B16. The method of B4 where the targeted locus of the first targeted integrated exogenous nucleic acid SOI is an integration site within an UBAP2 gene and the targeted locus of the second targeted integrated exogenous nucleic acid SOI is an integration site within a gene selected from the following group: LOC107977062, LOC100768845, ITPR2, ERE67000.1, MTMR2, XP_003512331.2, and sequences at least about 90% homologous thereto.

B17. The method of B4 where the targeted locus of the first targeted integrated exogenous nucleic acid SOI is an integration site within an MTMR2 gene and the targeted locus of the second targeted integrated exogenous nucleic acid SOI is an integration site within a gene selected from the following group LOC107977062, LOC100768845, ITPR2, ERE67000.1, UBAP2, XP_003512331.2, and sequences at least about 90% homologous thereto.

B18. The method of B4 where the targeted locus of the first targeted integrated exogenous nucleic acid SOI is an integration site within an XP_003512331.2 gene and the targeted locus of the second targeted integrated exogenous nucleic acid SOI is an integration site within a gene selected from the following group: LOC107977062, LOC100768845, ITPR2, ERE67000.1, UBAP2, MTMR2, and sequences at least about 90% homologous thereto.

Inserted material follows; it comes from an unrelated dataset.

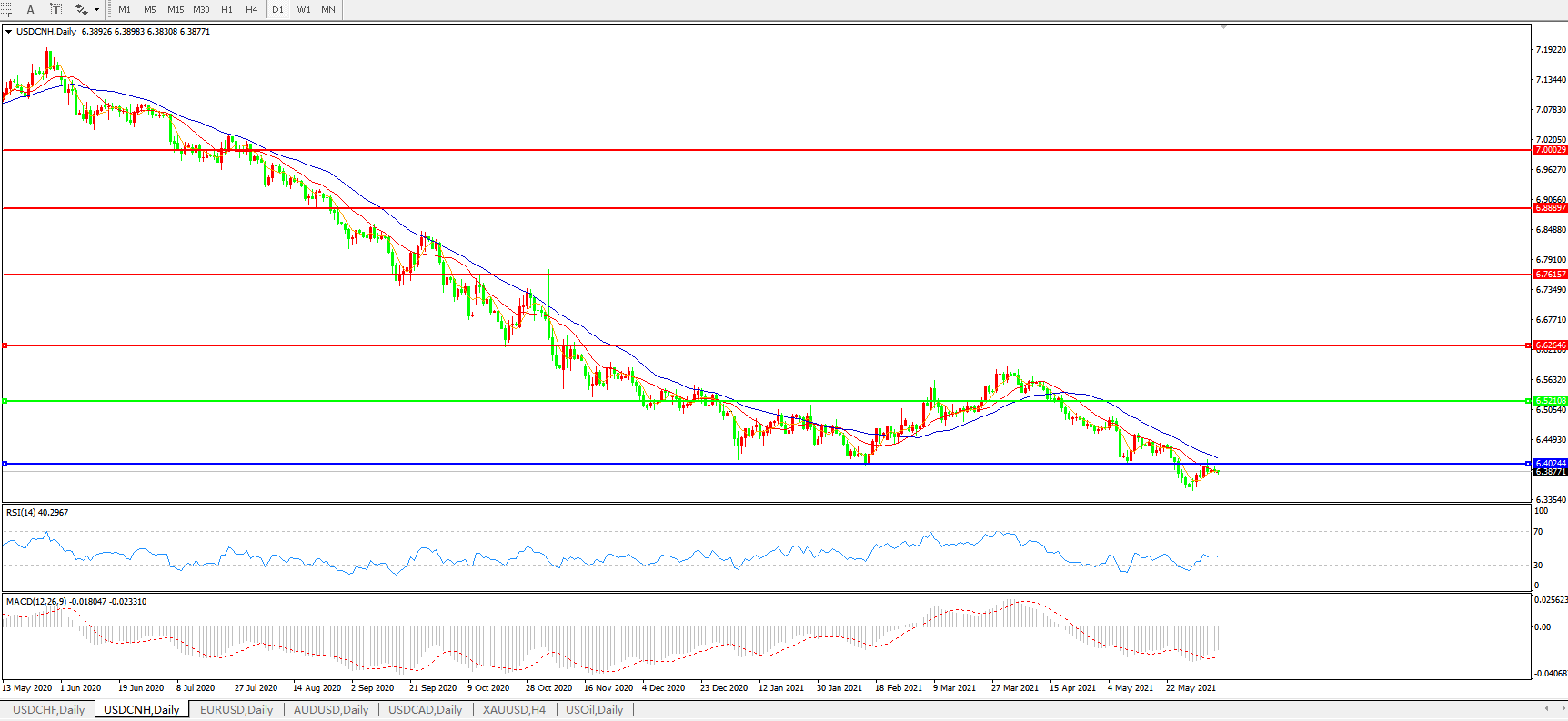 美元兑人民币USDCNH 日线图:

B19. The method of any of claims B-B18, wherein the first and second polypeptides of interest are selected from the group consisting of: a single chain antibody, an antibody light chain, an antibody heavy chain, a single-chain Fv fragment (scFv), and an Fc fusion protein.

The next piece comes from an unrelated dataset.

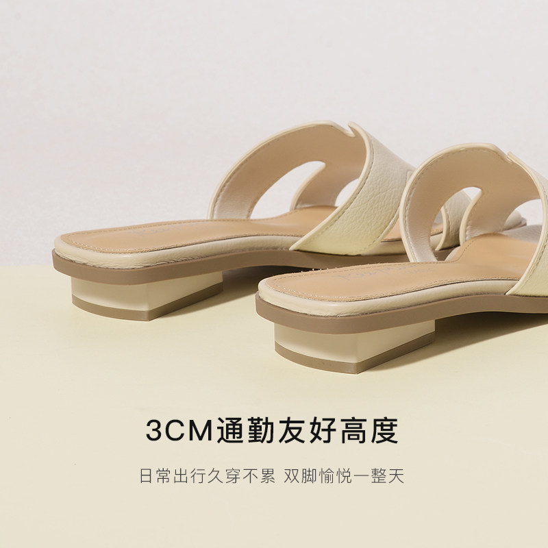 REEMOOR睿慕2025夏季新款仙女风凉拖鞋平底拖女一字拖【跟高3cm】

B20. The method of any one of B-B19, wherein the host cell is a mammalian host cell.

B21. The method of L20, wherein the host cell is a hamster host cell, a human host cell, a rat host cell, or a mouse host cell.

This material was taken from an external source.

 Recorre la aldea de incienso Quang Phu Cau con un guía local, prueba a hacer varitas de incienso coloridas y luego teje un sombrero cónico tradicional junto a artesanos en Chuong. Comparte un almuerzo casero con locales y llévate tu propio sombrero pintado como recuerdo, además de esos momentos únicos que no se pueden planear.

B22. The method of L21, wherein the host cell is a CHO host cell, a CHO K1 host cell, a CHO K1SV host cell, a DG44 host cell, a DUKXB-11 host cell, a CHOK1S host cell, or a CHO K1M host cell.

B23. The method of any of B-B22, wherein the targeted integration of any of the SOIs is promoted by an exogenous nuclease.

B24. The method of B23, wherein the exogenous nuclease is selected from the group consisting of a zinc finger nuclease (ZFN), a ZFN dimer, a transcription activator-like effector nuclease (TALEN), a TAL effector domain fusion protein, an RNA-guided DNA endonuclease, an engineered meganuclease, and a clustered regularly interspaced short palindromic repeats (CRISPR)-associated (Cas) endonuclease.

B25. The method of any of B-B24, wherein the expression of the SOIs is controlled by a regulatable promoter.

B26. The method of B25, wherein the regulatable promoter is selected from the group consisting of SV40 and CMV promoters.

EXAMPLES

The following examples are merely illustrative of the presently disclosed subject matter and should not be considered as limitations in any way.

Materials and Methods

mAb X Supertransfection Vector construction: The constitutive antibody expression construct was generated by cloning the heavy chain and light chain genes of mAb X under the control of the cytomegalovirus (CMV) promoter in a proprietary Genentech antibody expression vector that directs expression of GS for selection. The vector construct was generated by modifying the above construct to replace the cytomegalovirus (CMV) promoters with CMV Tetracycline-Operator (CMV-TO) promoters. Additionally, a TetR construct under Simian Virus 40 (SV40) promoter was also cloned into the vector backbone to generate the vector construct. Then the heavy and light chain genes of mAb X were subsequently cloned 3′ of the CMV-TO promoters to generate the inducible antibody-expressing vector (FIG. 1A).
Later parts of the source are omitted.